Another episode of our occasional series attempting to de- mystify the latest technology, although the subject this time - the automatic gearbox - is hardly new having been in common use in American cars for many years, but still all to little understood by European drivers.
The number of European cars fitted with automatic gearboxes has risen rapidly in the last ten years, a growth which seems destined to increase exponentially as stop-start driving conditions and traffic densities make the easier driving conferred by auto's more desirable and their inherent smoothness and flexibility improves.
There are two types of autobox in common usage, the CVT - Continuously Variable Transmission - and the increasingly sophisticated conventional auto.
CVT gearboxes are now used by Ford, Volvo and Fiat for their smaller cars and derive from the DAF belt transmission of the early Sixties. As the name suggests, drive is transmitted from the engine to the drive shafts by a belt or series of belts which adjust their relative positions according to engine speed and load as determined by complex electronics, effectively offering just one infinitely variable gear.

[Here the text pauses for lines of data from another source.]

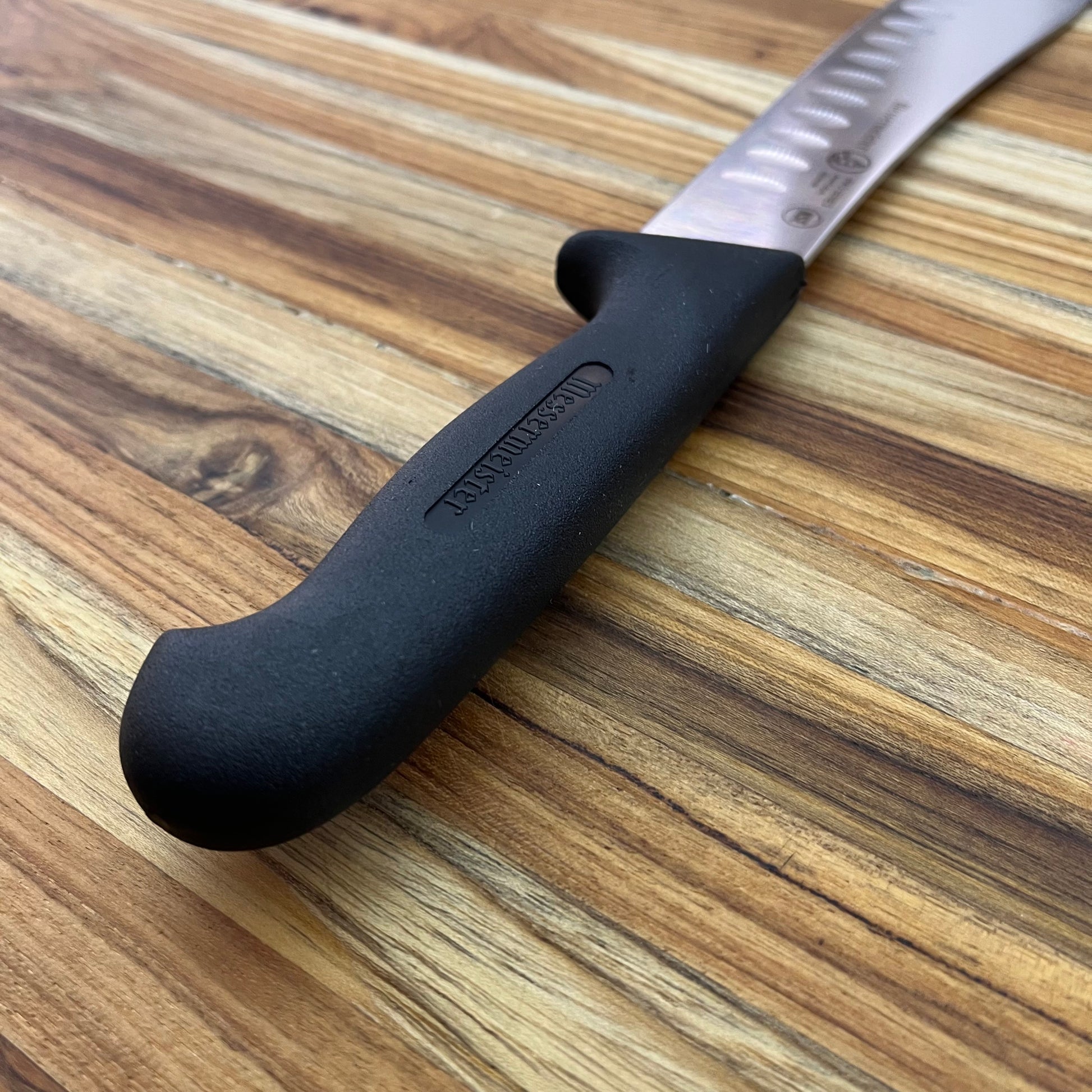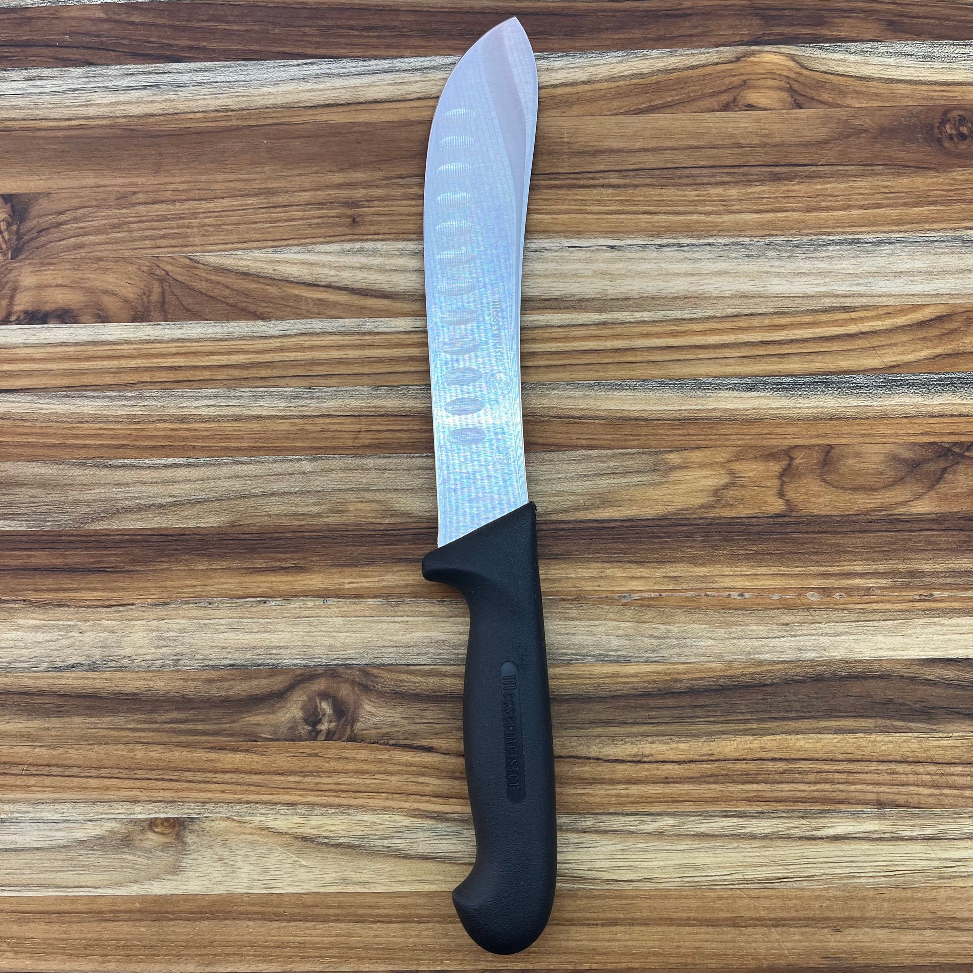 The Messermeister Pro Series 8" butcher's knife is crafted for chefs, butchers, and avid deep-sea anglers. Featuring a sturdy stamped blade and an ergonomic, non-slip handle, it ensures accurate, effortless slicing. Its alternating hollow-ground ovals on both sides minimize friction and resist sticking, making it ideal for efficiently breaking down retail cuts.
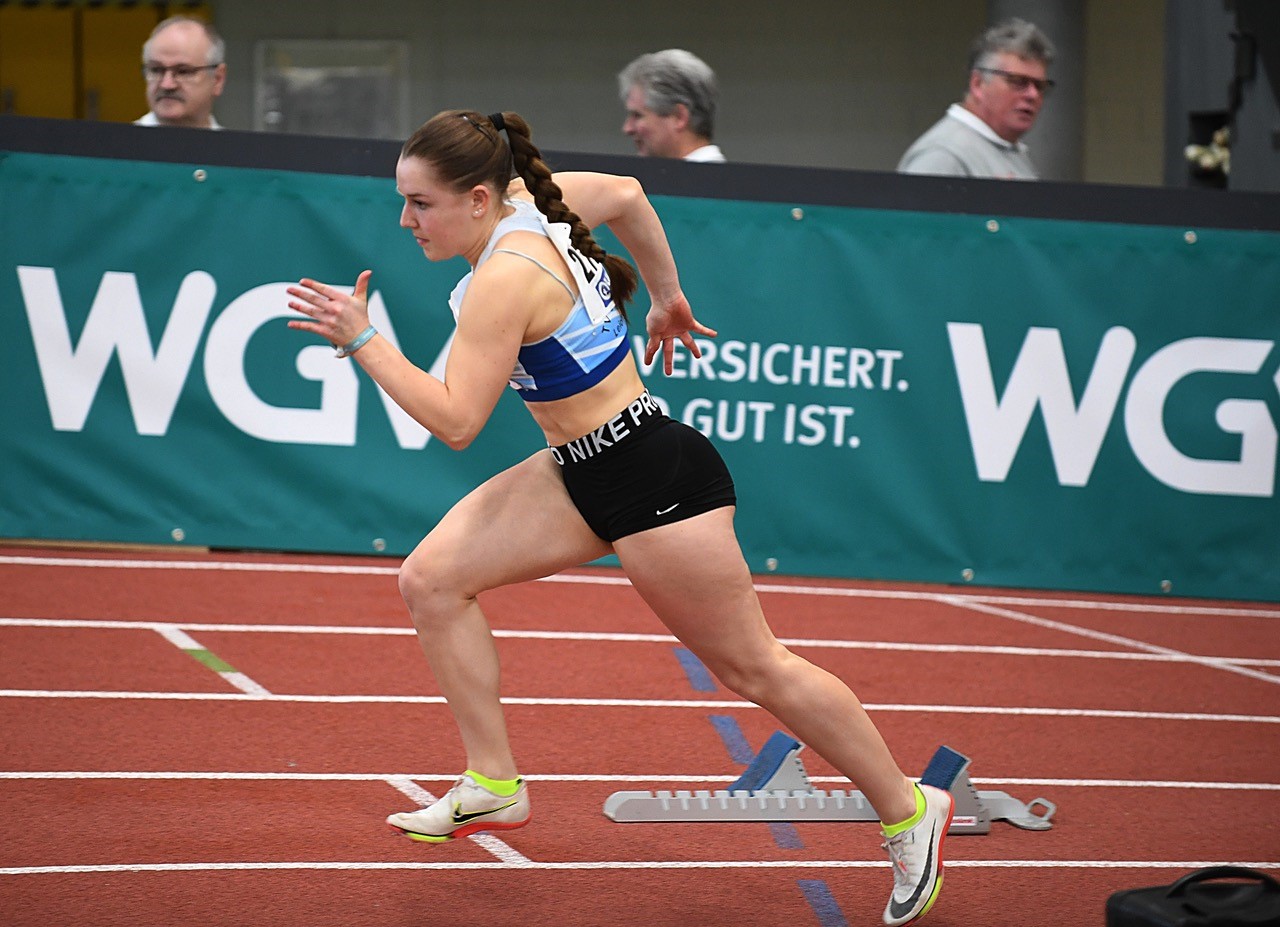 Weitsprung: Alle drei Medaillen gingen hier mit einer Sechser-Weite weg. An der Spitze zeigte Libby Buder (SC Potsdam) schöne 6,31 Meter. Für Bronze, hier konnte Lokalmatadorin Samira Attermeyer (LG Olympia Dortmund) jubeln, wären 6,02 Meter nötig gewesen. Bei glatten sechs Metern notiert die Freiluft-PB von Finja Köchling. Die Eintrachtlerin kam unter dem Hallendach auf 5,87 Meter und landete damit auf dem undankbaren vierten Platz. Teamkollegin Carmen Nowicka brachte als Siebte 5,77 Meter in die Wertung.
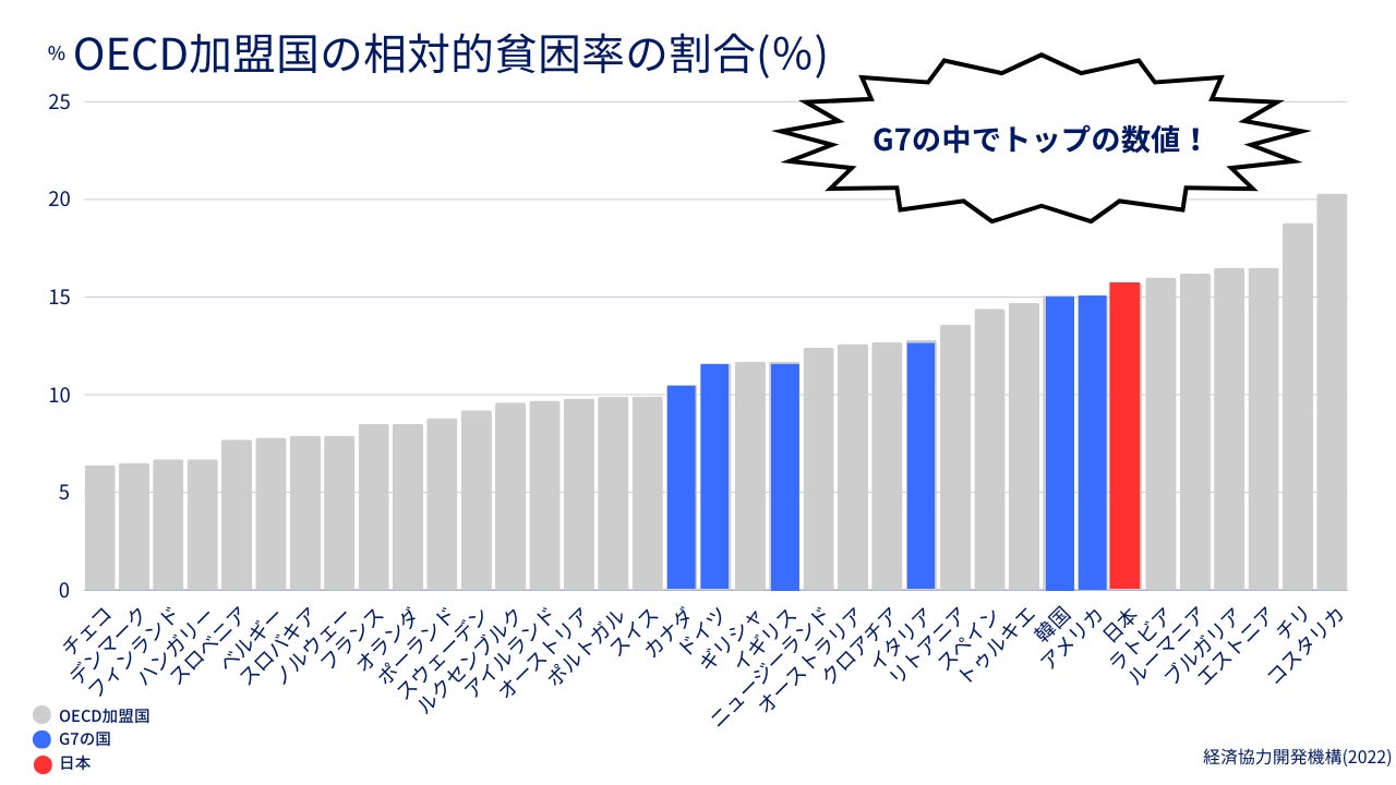 OECD(経済協力開発機構)の加盟38カ国の相対的貧困率ランキングによると、最も貧困率が高い国は中米のコスタリカ(20.3%)です。また、日本は7位(15.7%)であり、G7(主要7カ国)のなかでは最も貧困率が高い結果となっています(経済協力開発機構、2022)。
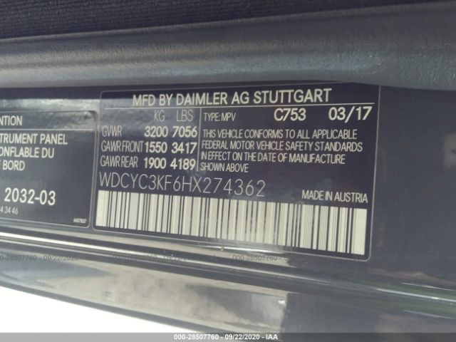 | VIN Number | WDCYC3KF6HX274362 |

The conventional automatic is also electronically controlled and selects from a preset number of gear ratios the one most appropriate to the engine speed and load being placed on it, the " kickdown" on the accelerator enabling selection of a lower gear for more acceleration, the electronics selecting when to change up a gear. Originally only 3 forward gears were available but more recent versions allow up to 5 forward speeds and, increasingly commonly, the ability to vary - in sport or economy modes - the rev limit at which change ups occur, the holding of a gear to a higher engine speed giving greater acceleration.
Some also allow the driver to select a manual mode and drive the autobox as though it were an ordinary gearbox yet without the need of a clutch. Probably the optimimum compromise between control and effort.